■ What is needed: Using the line with "American Eagle Men's" as your starting point, transcribe it and each line beneath it word for word until the records run out, without pictures.
*** Exercise data ***
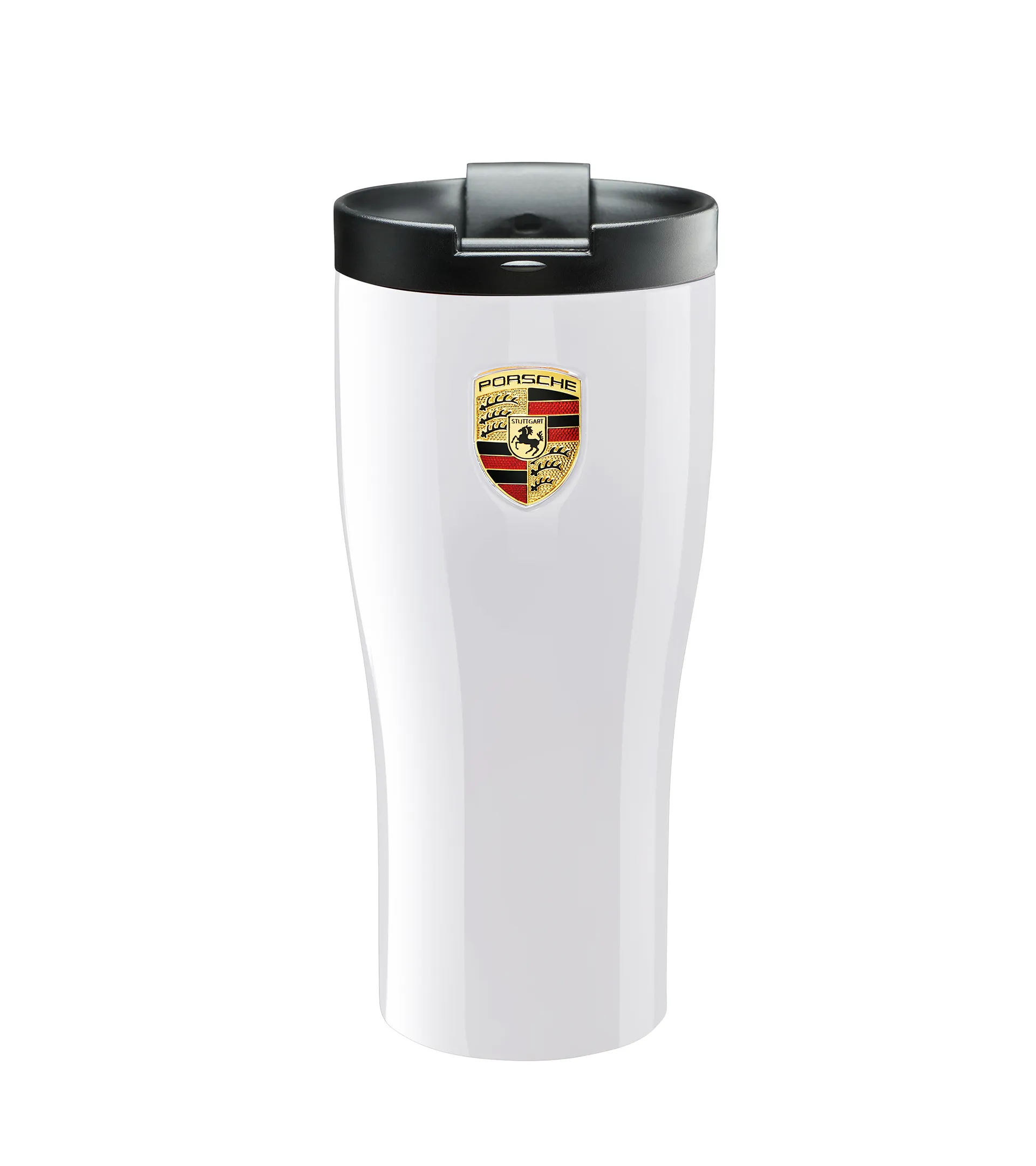 Performance on cold and warm days: the double-walled Porsche thermos cup made of stainless steel keeps hot beverages warm and cold beverages cool. The body of the mug is adorned with the Porsche crest, the lid has an embossed Porsche logo and is also 100% leak-proof. This makes the cup, with a capacity of approx. 460 ml, the ideal companion for on the go. Also ideal as a gift for any Porsche fan thanks to the high-quality packaging.
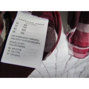 American Eagle Men's Burgundy Plaid Button Front XXL Shirt
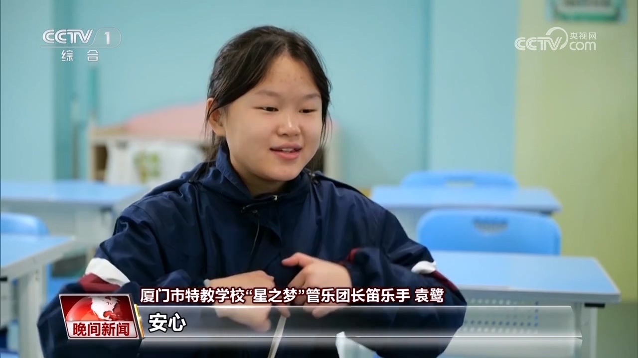 廈門(mén)市特教學(xué)?!靶侵畨?mèng)”管樂(lè)團(tuán)長(zhǎng)笛 袁鷺:我跟不上他們,然后老師肩膀拍我才可以跟得上。
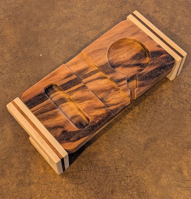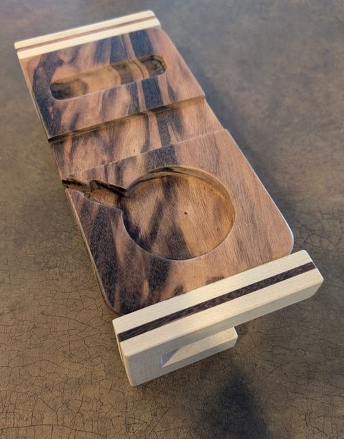 This is the wireless phone charger stand that I built. The body is Tigerwood and the hooks are Maple with Tigerwood inlay.
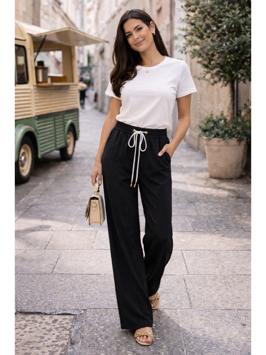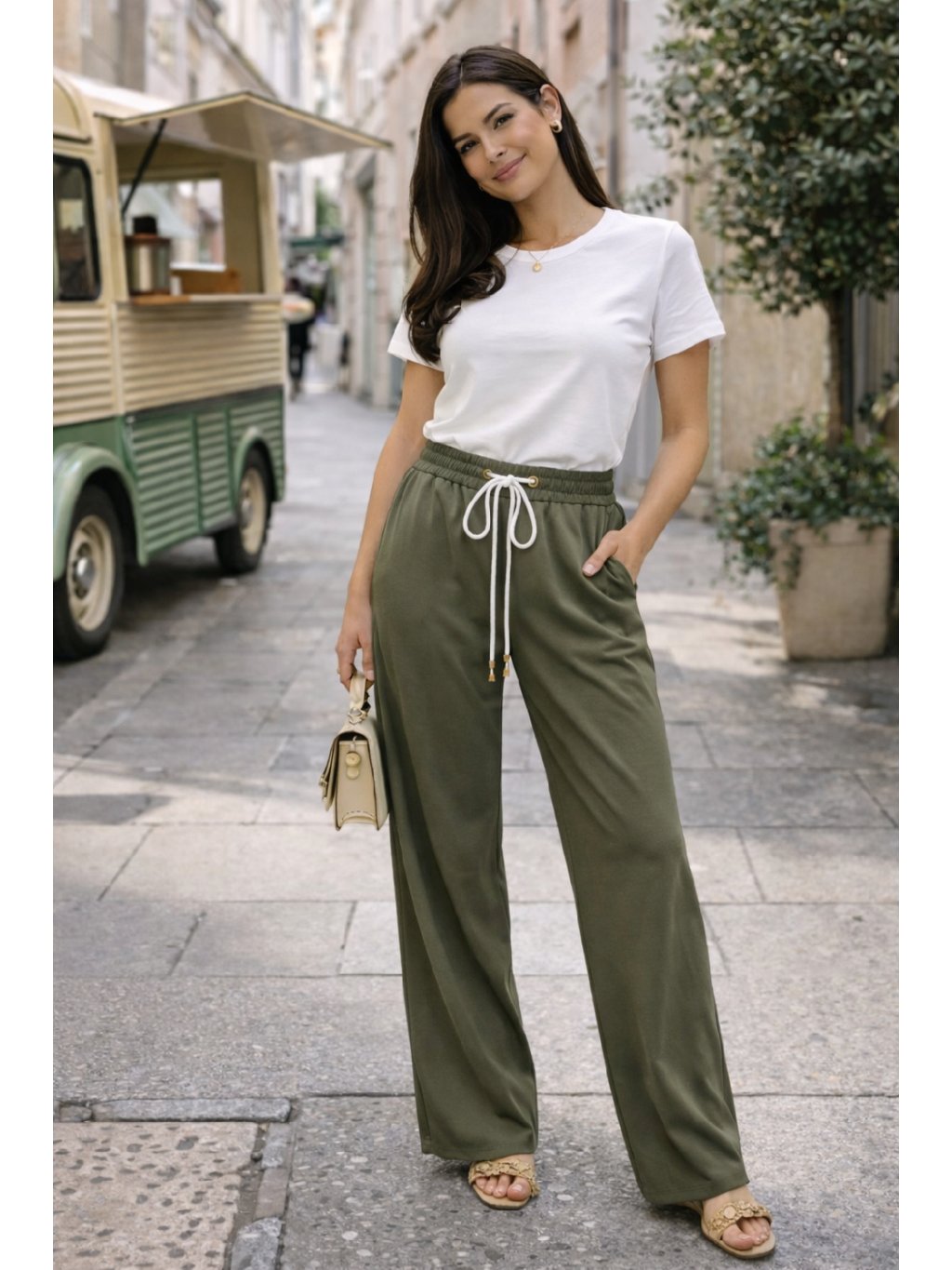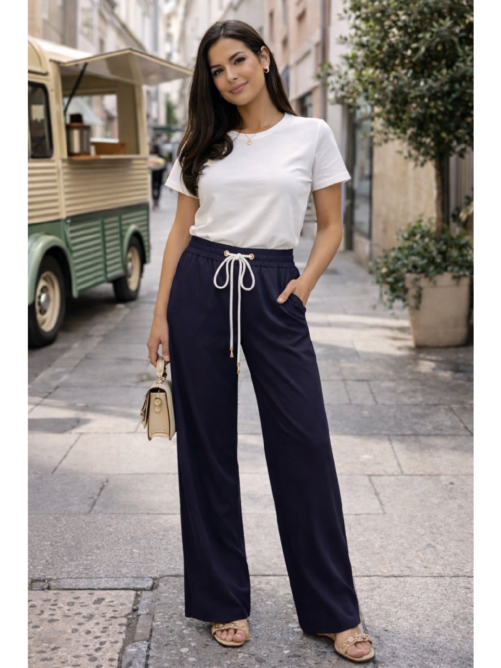 Stylové a maximálně pohodlné dámské kalhoty s volnými nohavicemi, které jsou ideální na každodenní nošení. Díky elastickému pasu se šňůrkou se krásně přizpůsobí postavě a poskytují maximální komfort po celý den.
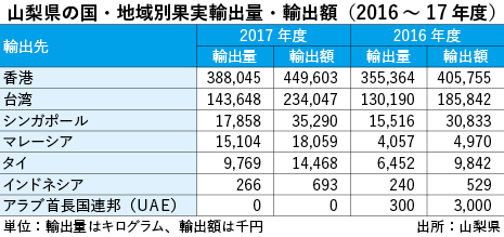 山梨県農政部で輸出支援を担当する草間聖一氏によると、物産展やトップセールスなどの一時的なプロモーションのみならず、現地の卸業者と提携を強め、地場の高級スーパーなど恒常的な販売網を確立したことも、輸出増加につながった。
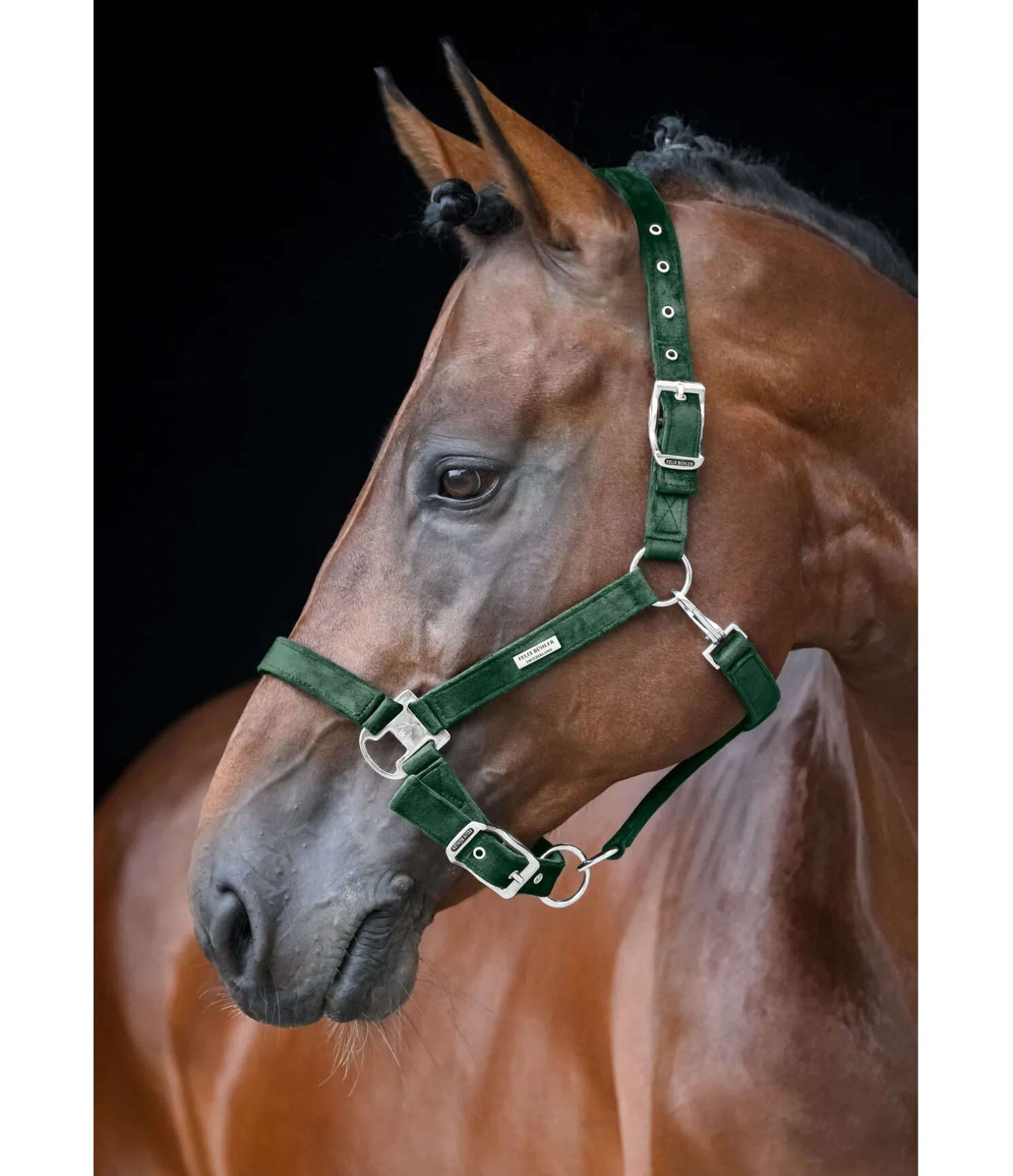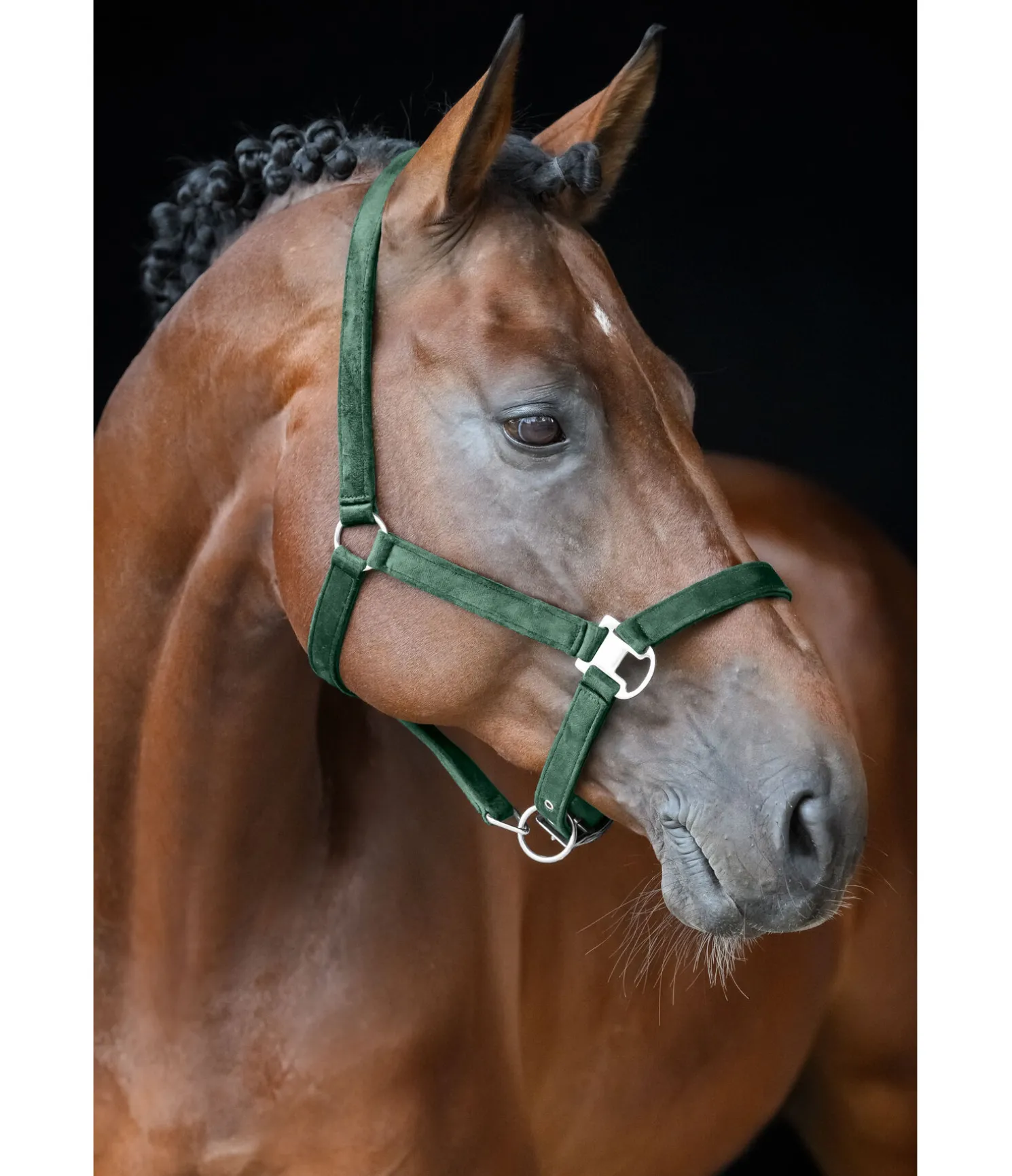 Élégant licol entièrement doublé en matière satinée. Avec plaque logo métallique brillante. Têtière et muserolle réglables. 100 % polypropylène.
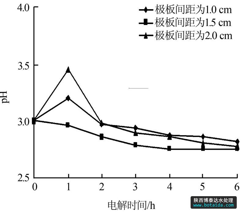 考慮到過高的電解電壓對電催化降解的影響不是很顯著,且由正交實(shí)驗(yàn)結(jié)果可知,電解電壓為24 V、pH為3時COD去除率最高,因此調(diào)整電解電壓為24 V、垃圾滲濾液pH為3,分別設(shè)置極板間距為1.0、1.5、2.0 cm進(jìn)行電催化降解實(shí)驗(yàn),每隔1 h取1次水樣,電解過程中COD去除率及pH變化情況如圖 5、圖 6所示。
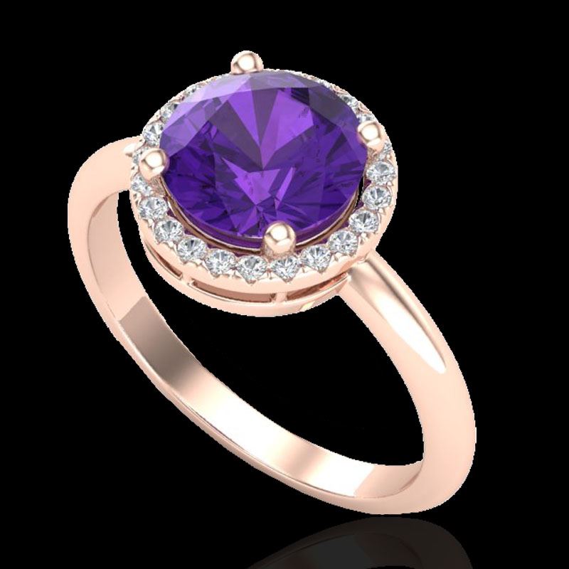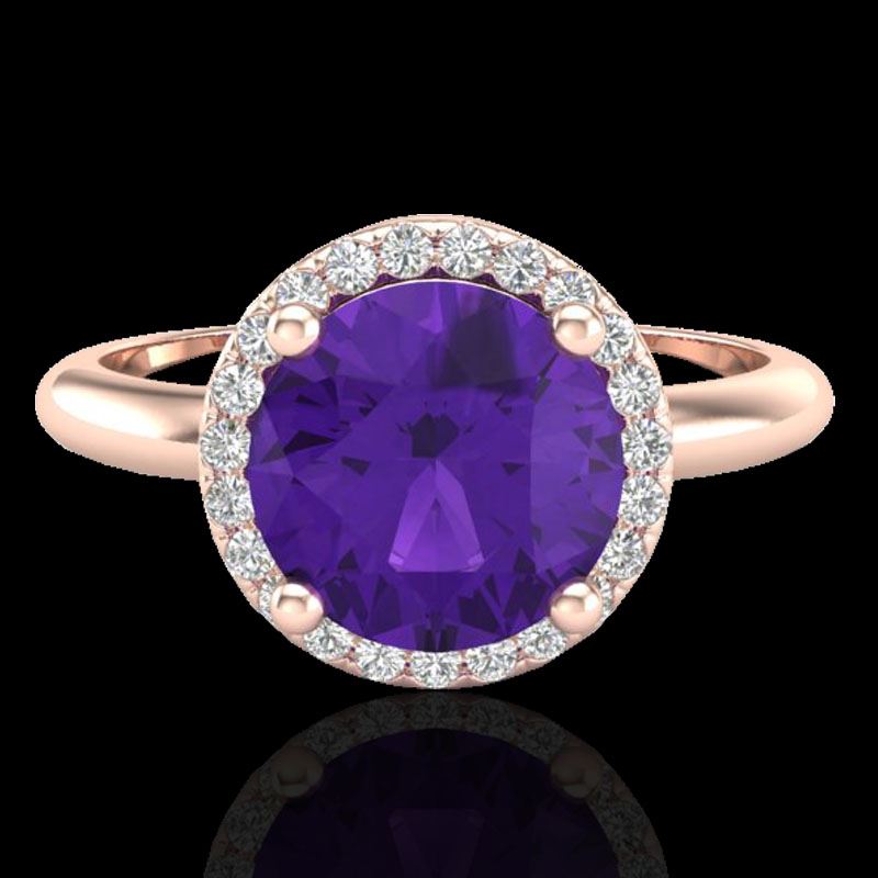 REF-44W9F -23204 ---- 2 CTW Amethyst & Micro Pave VS/SI Diamond Ring Halo 14K Rose Gold ---- Luxury Designer Brand Ring Appraised at $2,950 Certificate Number US23204 14k Rose gold, Ring Size is 6.5, Ring measuring approx. 1/2"x1/2", weighing in total approx. 4 grams. Made in the USA and is stamped 14k, Main stone 1.8 carat total weight containing 1 pieces of Intense Translucent Purple color with AAA quality Round shape cut Amethyst , Stone #2 0.2 carat total weight containing 25 pieces of H-I color with VS/SI quality Round shape cut Diamond
*** End of Exercise data ***
■ Task answer:
 American Eagle Men's Burgundy Plaid Button Front XXL Shirt
 廈門(mén)市特教學(xué)?!靶侵畨?mèng)”管樂(lè)團(tuán)長(zhǎng)笛 袁鷺:我跟不上他們,然后老師肩膀拍我才可以跟得上。
 This is the wireless phone charger stand that I built. The body is Tigerwood and the hooks are Maple with Tigerwood inlay.
 Stylové a maximálně pohodlné dámské kalhoty s volnými nohavicemi, které jsou ideální na každodenní nošení. Díky elastickému pasu se šňůrkou se krásně přizpůsobí postavě a poskytují maximální komfort po celý den.
 山梨県農政部で輸出支援を担当する草間聖一氏によると、物産展やトップセールスなどの一時的なプロモーションのみならず、現地の卸業者と提携を強め、地場の高級スーパーなど恒常的な販売網を確立したことも、輸出増加につながった。
 Élégant licol entièrement doublé en matière satinée. Avec plaque logo métallique brillante. Têtière et muserolle réglables. 100 % polypropylène.
 考慮到過高的電解電壓對電催化降解的影響不是很顯著,且由正交實(shí)驗(yàn)結(jié)果可知,電解電壓為24 V、pH為3時COD去除率最高,因此調(diào)整電解電壓為24 V、垃圾滲濾液pH為3,分別設(shè)置極板間距為1.0、1.5、2.0 cm進(jìn)行電催化降解實(shí)驗(yàn),每隔1 h取1次水樣,電解過程中COD去除率及pH變化情況如圖 5、圖 6所示。
 REF-44W9F -23204 ---- 2 CTW Amethyst & Micro Pave VS/SI Diamond Ring Halo 14K Rose Gold ---- Luxury Designer Brand Ring Appraised at $2,950 Certificate Number US23204 14k Rose gold, Ring Size is 6.5, Ring measuring approx. 1/2"x1/2", weighing in total approx. 4 grams. Made in the USA and is stamped 14k, Main stone 1.8 carat total weight containing 1 pieces of Intense Translucent Purple color with AAA quality Round shape cut Amethyst , Stone #2 0.2 carat total weight containing 25 pieces of H-I color with VS/SI quality Round shape cut Diamond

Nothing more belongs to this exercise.